When I wrote about Inside Out last Summer I mentioned that I didn’t like writing about kids movies very much, mostly because they rarely have a higher purpose other than entertainment and I don’t enjoy picking apart childish fun. For my dime, that isn’t so interesting to write about. Though, Pixar films have been known to possess a higher purpose.
Being that Finding Dory is a sequel to a beloved and, admittedly, very good kids film, there are certainly some interesting parallels and thematic elements to discuss. So, let’s dive in. (Get it? I’ll be here all week!)
The plot of Finding Dory is another adventure, like Finding Nemo, wherein the titular character is crossing the ocean to search for her parents whom she has suddenly started to remember again. The original film was also a familial adventure and had a personal theme of accepting personal and physical faults. The sequel dials down the ocean voyage obstacles and instead places the characters in a Sea World-like environment where many of the obstacles are man-made. This works well because they avoided treading the same water (Yeah, I got puns) as the original story.
Plot points aside, the film has several emotional moments that draw their power from our love of these characters from the first film. In the same way you knew Marlin was sacrificing his very nature in order to find his son, you know Dory’s journey is more important than just finding her home. She’s finding herself.
Heavy for a kids flick, right? Yes and no. The best kinds of these movies essentially offer a McGuffin, which is a narrative plot point that forces the characters to have an arc. Nemo was both a character and a goal for Marlin to achieve. Like I said, it’s just as important for Dory to find about herself as it is for her to find her parents. But in order for her to achieve her goal, she has to overcome her deficiencies and prove to herself she is capable of overcoming them. So the plot of her trying to find her parents is secondary to her own self discovery. And if you’re paying attention, this is the structure of nearly every story ever told.
And the first film is no different. Marlin’s journey is to find his inner courage as much as it is to find his son. But he needed the tragedy of losing his son to make it possible. His over-protectiveness and neuroticism were endearing and also served as a catalyst for the events of Finding Nemo. He had undergone tragedy in the loss of his wife, which affected his psychological state, and his voyage to find his son was in stark contrast to that. It took one tragic experience to get over the other.
Interestingly, one of the most fun parts in Finding Nemo is the Woody Allen/Diane Keaton-like relationship (though, not in a romantic way) Marlin and Dory have. She is free-wheeling and careless, and he’s a nervous wreck who envisions certain death at all times. Finding Dory rarely explores this dynamic and instead separates the two very early. What this does is it provides a set-up for the characters to depend on themselves and their resources. Dory finds a new set of new and old friends which she bonds with in various ways. Sadly, Nemo has been reduced to a sidekick and more of a resource for Marlin in this film, but it’s still a fun relationship to watch.

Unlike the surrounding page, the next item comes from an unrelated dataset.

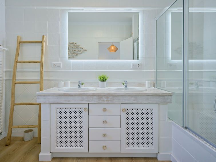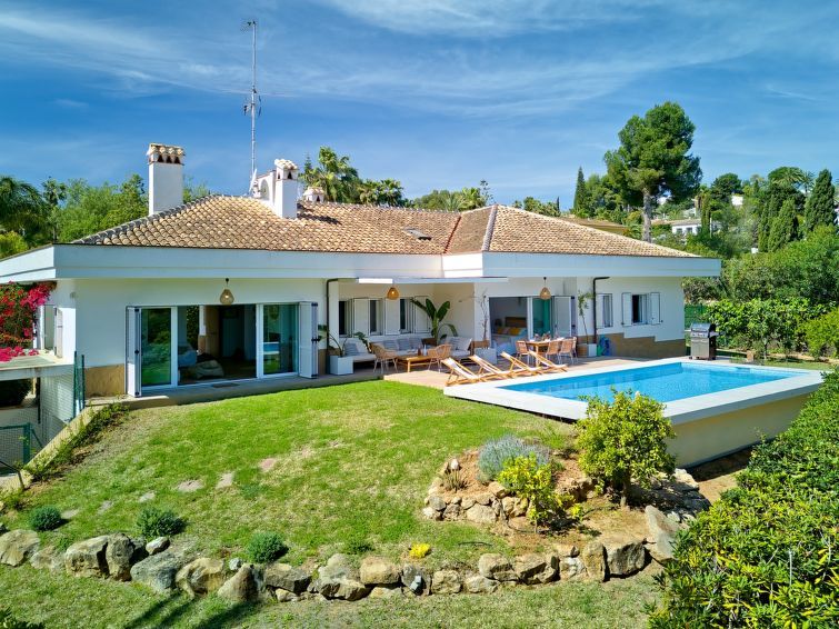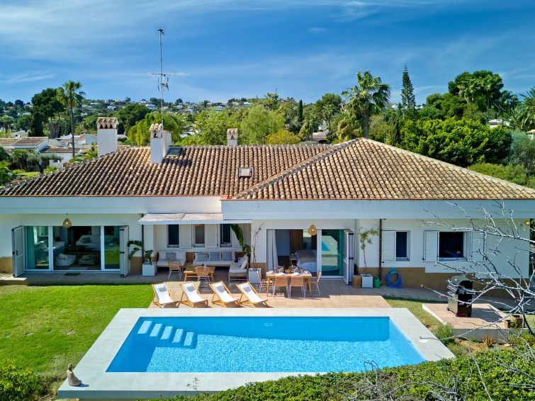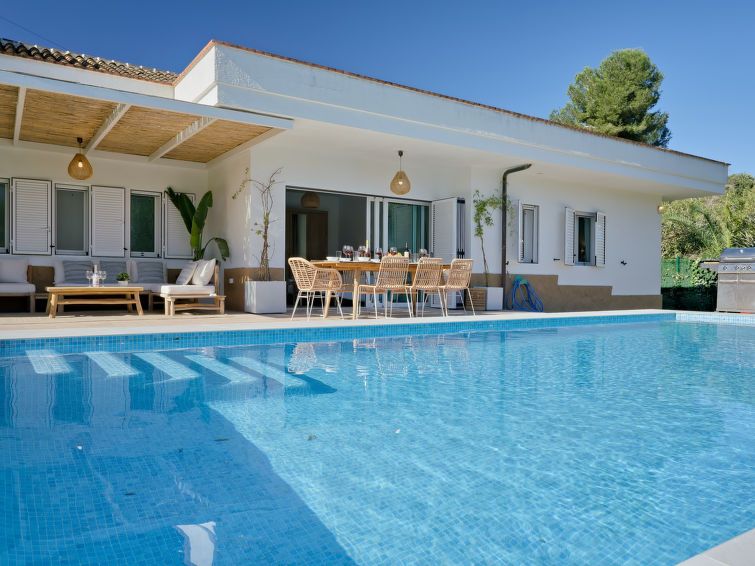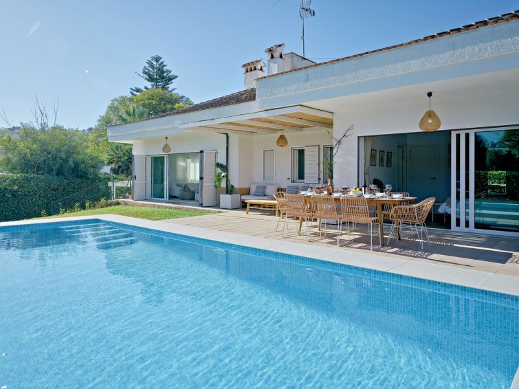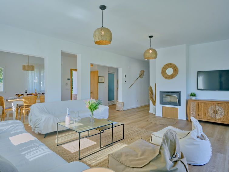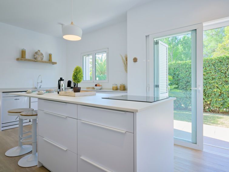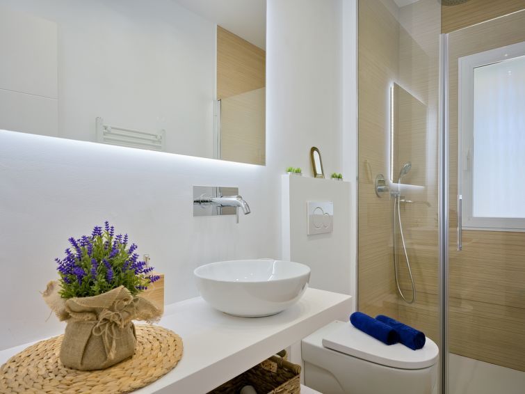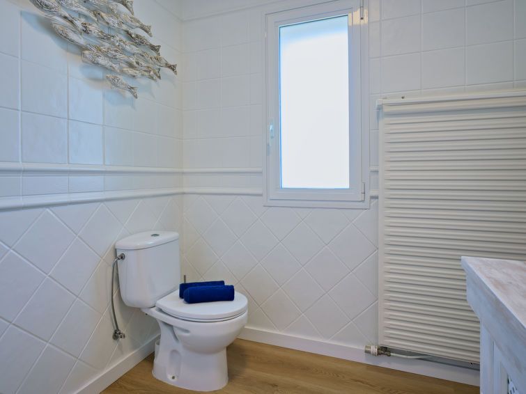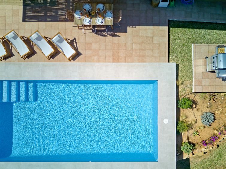 "Villa Mare Nostrum Plus", 5-room villa 200 m2. Spacious and bright, very beautiful and stylish furnishings: living/dining room with fan. Exit to the patio, to the swimming pool. 1 room with 1 french bed (160 cm, length 200 cm), bath/WC, air conditioning and forced-air heating. 1 room with 1 french bed (160 cm, length 200 cm), shower/WC.

Also of note, the voice cast is excellent. Ellen Degeneres is obviously the stand-out, as she was in Finding Nemo. It’s funny because it rarely works when a supporting character from one film is given their own film, but you could argue Finding Dory stands toe-to-toe with the first one. And a lot of that has to do with Ellen’s portrayal of Dory. She is the heart of the film in a big way.
I feel like I could babble on about the themes of family and finding your inner strength, but again, it’s a kids film and it’s all in plain sight. There isn’t anything I said in this review that you won’t see for yourself. In short, the film has an enormous heart, a big emotional impact, lovable characters (Ed O’Neil’s Octopus ((Septopus)) is a stand-out new character), and a captivating adventure plot. Highly recommended.